**What the task asks:**
I'd like the entries reproduced exactly, with the images omitted.

**Input material:**
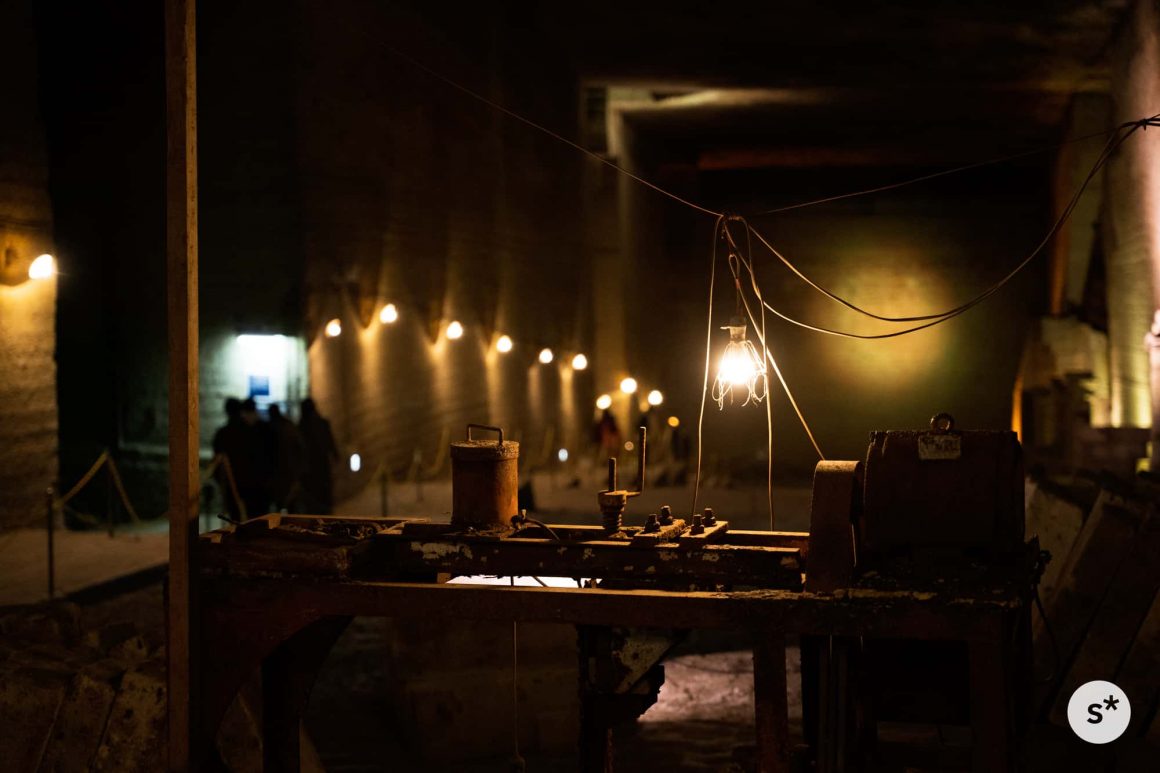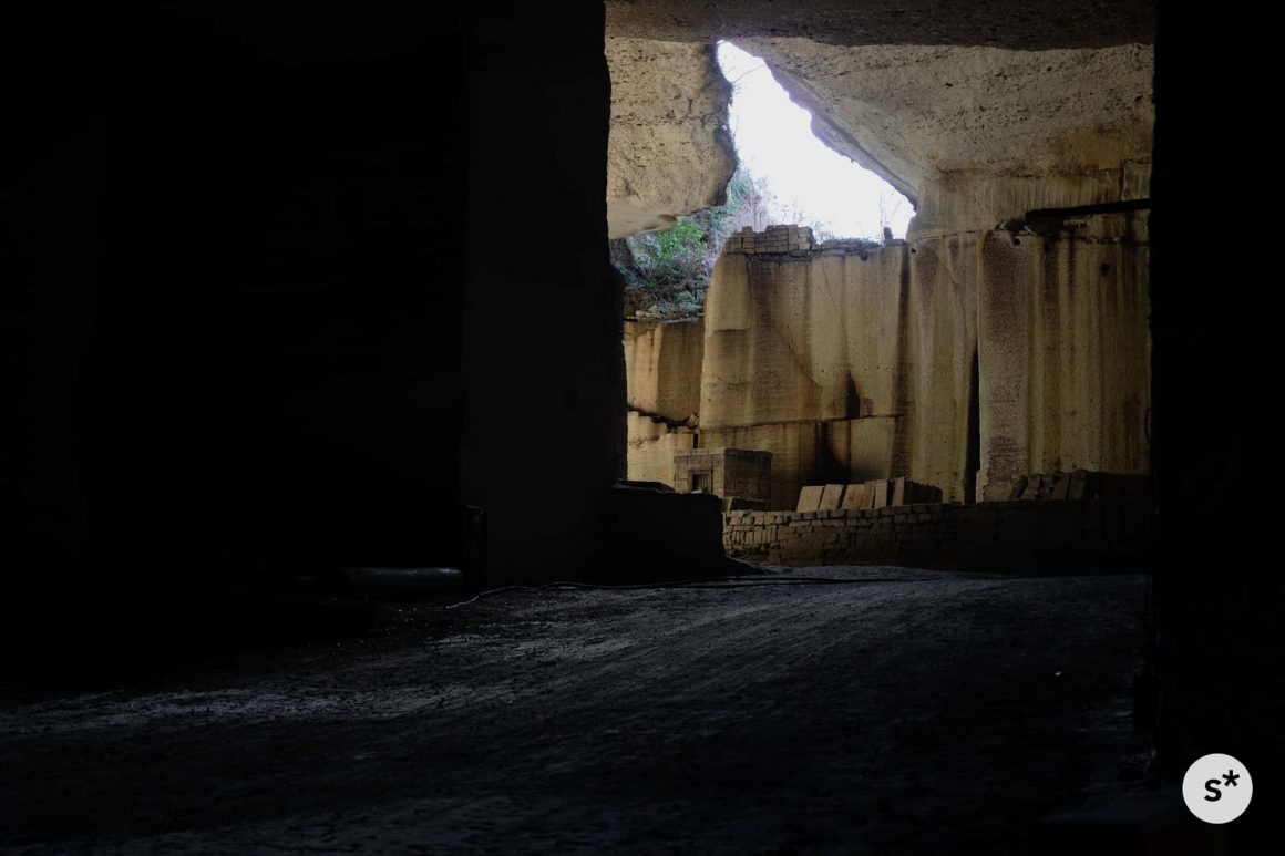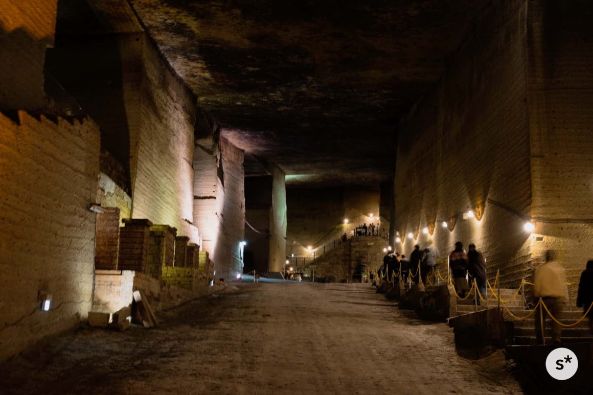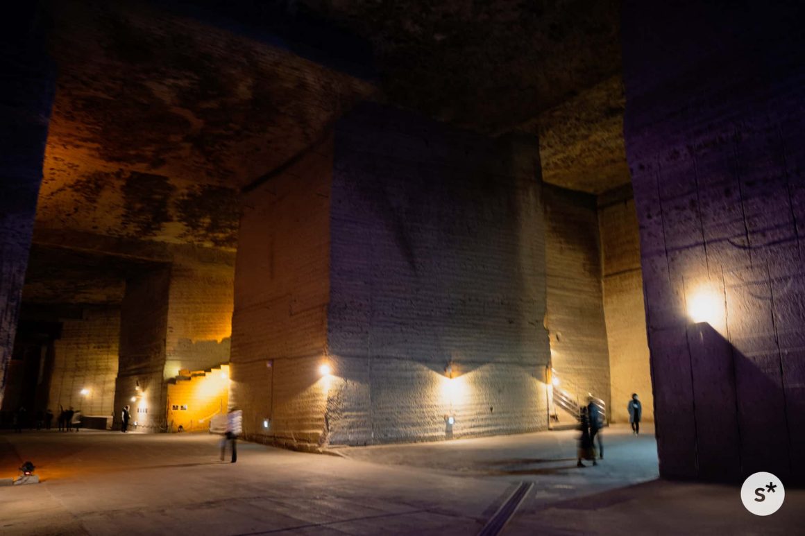 地層が水平に対して斜めに走っているので、石材として適している石を得るために、地中の奥へ奥へと掘り進めていった結果、地下に巨大な空間ができたそうで。
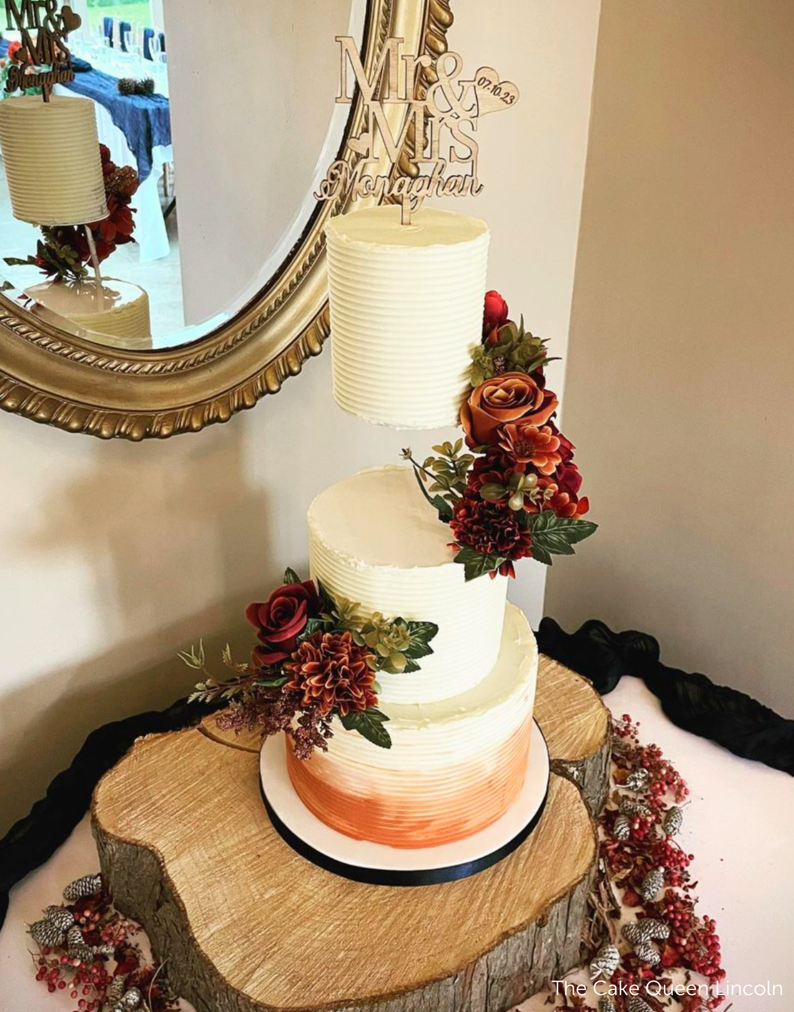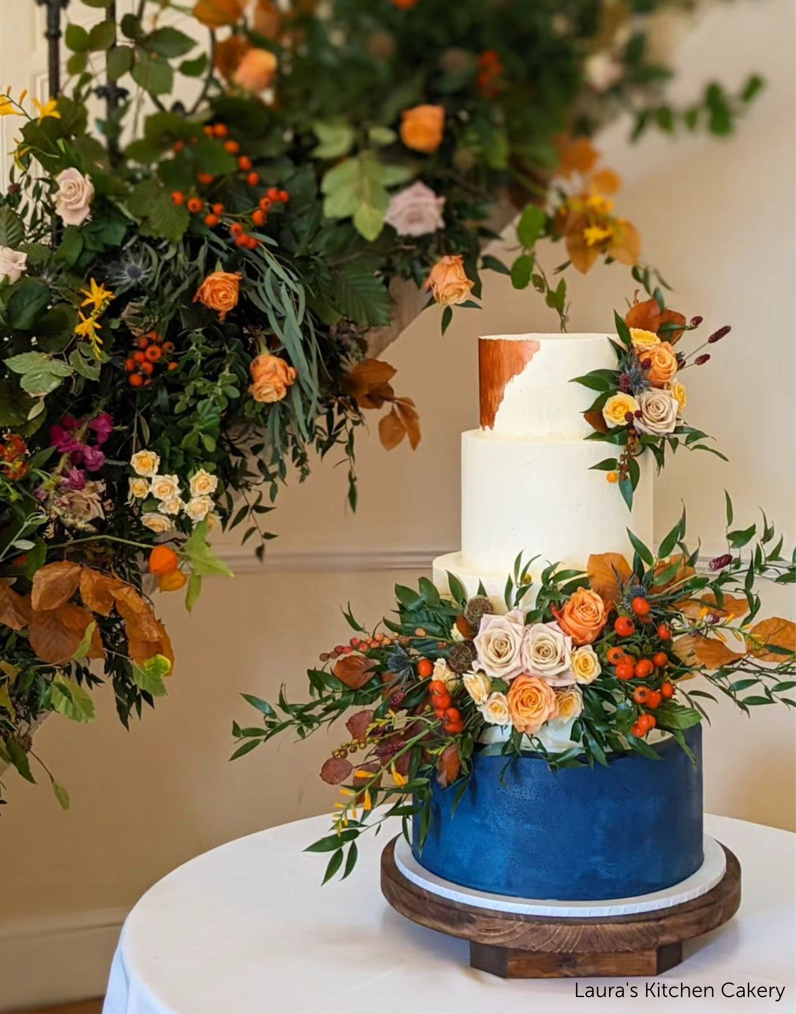 @lauraskitchencakery, que aporta vibraciones otoñales en abundancia, ha creado un magnífico diseño escalonado que combina maravillosamente con nuestro soporte para pasteles Rustic Olive Board.
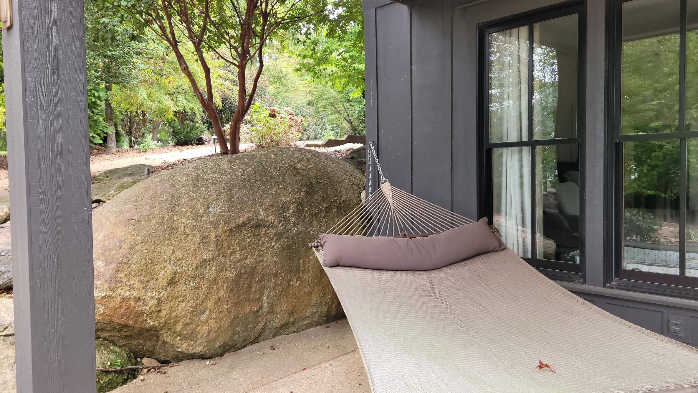 Note the strategic placement of a decorative rock at the front steps. This is a motif you will see as we go around the house, rocks, stones, and boulders (!) of various sizes and colors complementing the installed trees, plants, and shrubs.
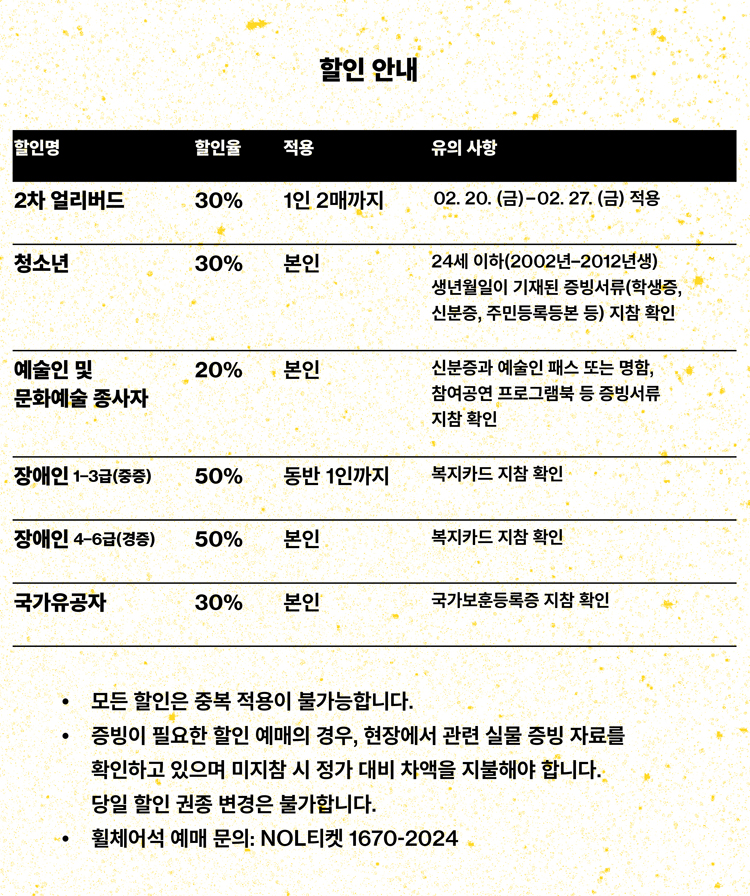 - 특정 기간, 특정 공연일에만 판매하는 가격이 있으니 예매 전 [가격 전체 보기]를 눌러 확인해 주세요.
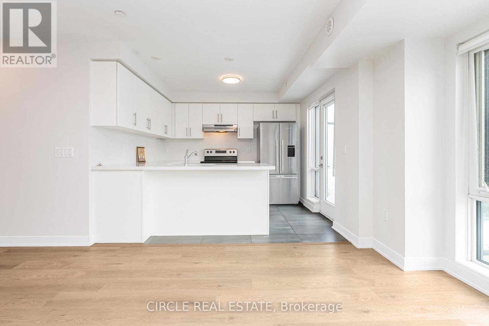 Immaculate 2-bedroom stacked townhome located in the highly sought-after Mount Pleasant community of Brampton. This well-designed residence offers a functional open-concept layout, highlighted by a modern kitchen with stainless steel appliances, contemporary cabinetry, and generous counter space-ideal for both everyday living and entertaining. The upper level features two spacious bedrooms and a full bathroom, providing a comfortable and private living environment. Meticulously maintained and thoughtfully designed for low- maintenance living, this property is well suited for professionals, couples, or investors. Exceptionally located just minutes from Mount Pleasant GO Station, with public transit conveniently located at the building, offering outstanding commuter accessibility. Close to Creditview Park, schools, shopping, dining, and all essential amenities, with easy access to major roadways. A rare opportunity to own or lease a modern townhome in a well-established, transit-oriented neighbourhood. (id:64974)

**Final answer:**
 地層が水平に対して斜めに走っているので、石材として適している石を得るために、地中の奥へ奥へと掘り進めていった結果、地下に巨大な空間ができたそうで。
 @lauraskitchencakery, que aporta vibraciones otoñales en abundancia, ha creado un magnífico diseño escalonado que combina maravillosamente con nuestro soporte para pasteles Rustic Olive Board.
 Note the strategic placement of a decorative rock at the front steps. This is a motif you will see as we go around the house, rocks, stones, and boulders (!) of various sizes and colors complementing the installed trees, plants, and shrubs.
 - 특정 기간, 특정 공연일에만 판매하는 가격이 있으니 예매 전 [가격 전체 보기]를 눌러 확인해 주세요.
 Immaculate 2-bedroom stacked townhome located in the highly sought-after Mount Pleasant community of Brampton. This well-designed residence offers a functional open-concept layout, highlighted by a modern kitchen with stainless steel appliances, contemporary cabinetry, and generous counter space-ideal for both everyday living and entertaining. The upper level features two spacious bedrooms and a full bathroom, providing a comfortable and private living environment. Meticulously maintained and thoughtfully designed for low- maintenance living, this property is well suited for professionals, couples, or investors. Exceptionally located just minutes from Mount Pleasant GO Station, with public transit conveniently located at the building, offering outstanding commuter accessibility. Close to Creditview Park, schools, shopping, dining, and all essential amenities, with easy access to major roadways. A rare opportunity to own or lease a modern townhome in a well-established, transit-oriented neighbourhood. (id:64974)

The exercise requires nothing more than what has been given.